▸ **Work item**
In the data below, one line contains "人都是有思乡情结的。年事已高" and a later one contains "Program může být". Print both, with every line between them, exactly and alone.

▸ **Material for this exercise**
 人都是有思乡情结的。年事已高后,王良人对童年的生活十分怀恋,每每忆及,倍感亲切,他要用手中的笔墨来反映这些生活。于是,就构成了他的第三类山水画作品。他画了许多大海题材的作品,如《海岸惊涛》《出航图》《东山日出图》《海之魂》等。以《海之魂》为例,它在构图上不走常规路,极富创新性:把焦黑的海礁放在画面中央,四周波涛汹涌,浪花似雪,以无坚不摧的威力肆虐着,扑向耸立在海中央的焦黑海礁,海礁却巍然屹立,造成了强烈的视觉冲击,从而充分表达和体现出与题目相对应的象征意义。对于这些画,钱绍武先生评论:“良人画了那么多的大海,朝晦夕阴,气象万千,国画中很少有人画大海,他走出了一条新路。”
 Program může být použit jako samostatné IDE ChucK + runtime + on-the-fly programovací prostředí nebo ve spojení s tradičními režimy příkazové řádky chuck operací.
...
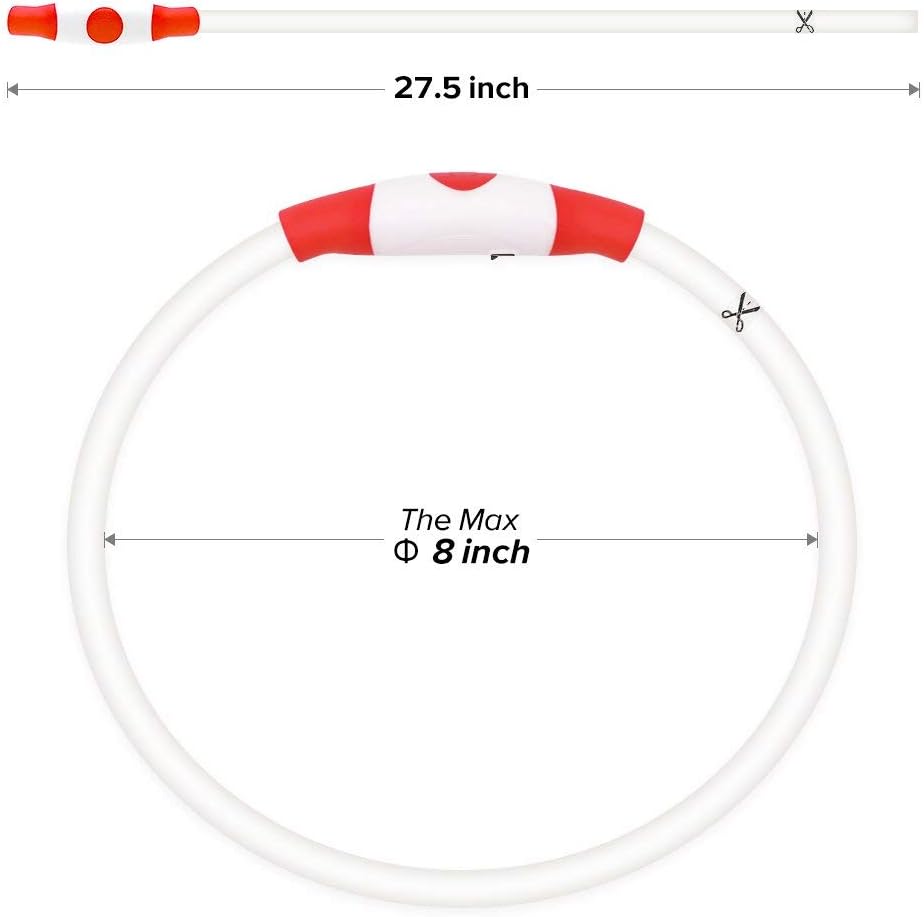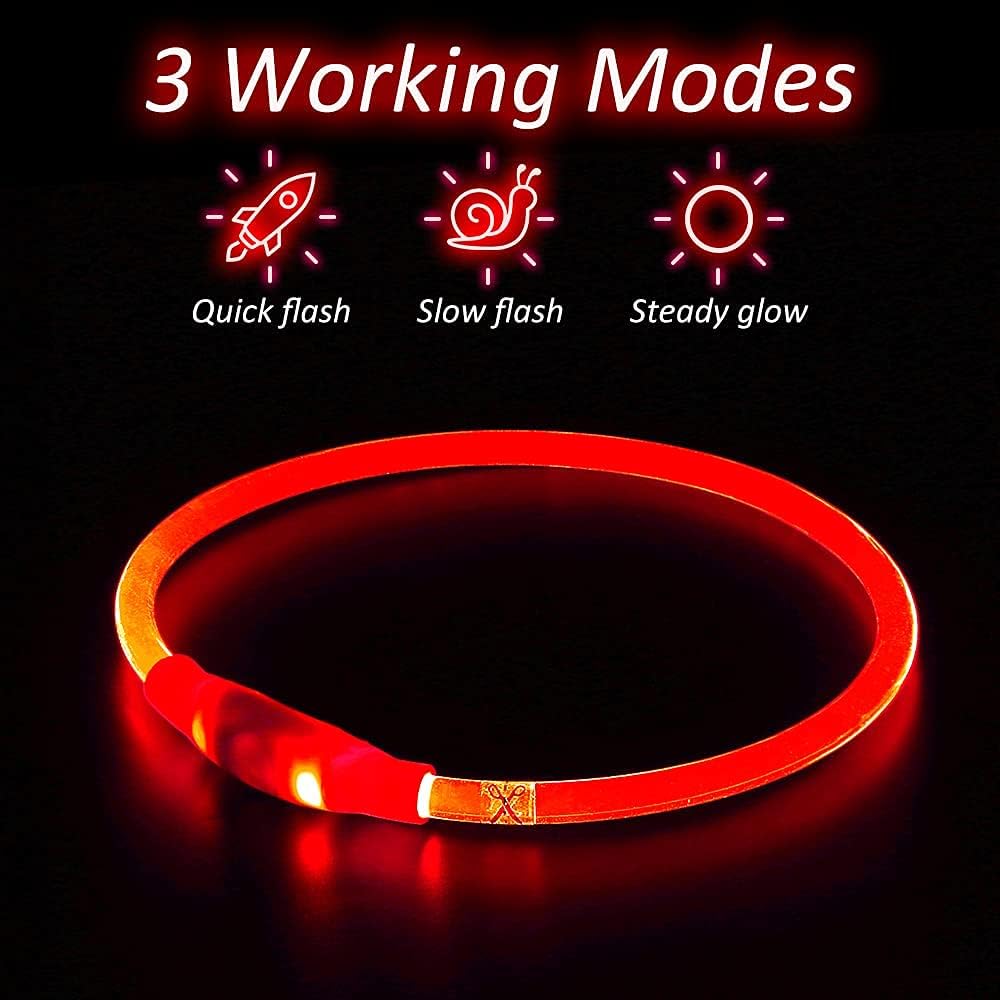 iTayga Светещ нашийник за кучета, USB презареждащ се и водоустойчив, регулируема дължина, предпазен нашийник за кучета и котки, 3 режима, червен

▸ **Exercise solution**
 人都是有思乡情结的。年事已高后,王良人对童年的生活十分怀恋,每每忆及,倍感亲切,他要用手中的笔墨来反映这些生活。于是,就构成了他的第三类山水画作品。他画了许多大海题材的作品,如《海岸惊涛》《出航图》《东山日出图》《海之魂》等。以《海之魂》为例,它在构图上不走常规路,极富创新性:把焦黑的海礁放在画面中央,四周波涛汹涌,浪花似雪,以无坚不摧的威力肆虐着,扑向耸立在海中央的焦黑海礁,海礁却巍然屹立,造成了强烈的视觉冲击,从而充分表达和体现出与题目相对应的象征意义。对于这些画,钱绍武先生评论:“良人画了那么多的大海,朝晦夕阴,气象万千,国画中很少有人画大海,他走出了一条新路。”
 Program může být použit jako samostatné IDE ChucK + runtime + on-the-fly programovací prostředí nebo ve spojení s tradičními režimy příkazové řádky chuck operací.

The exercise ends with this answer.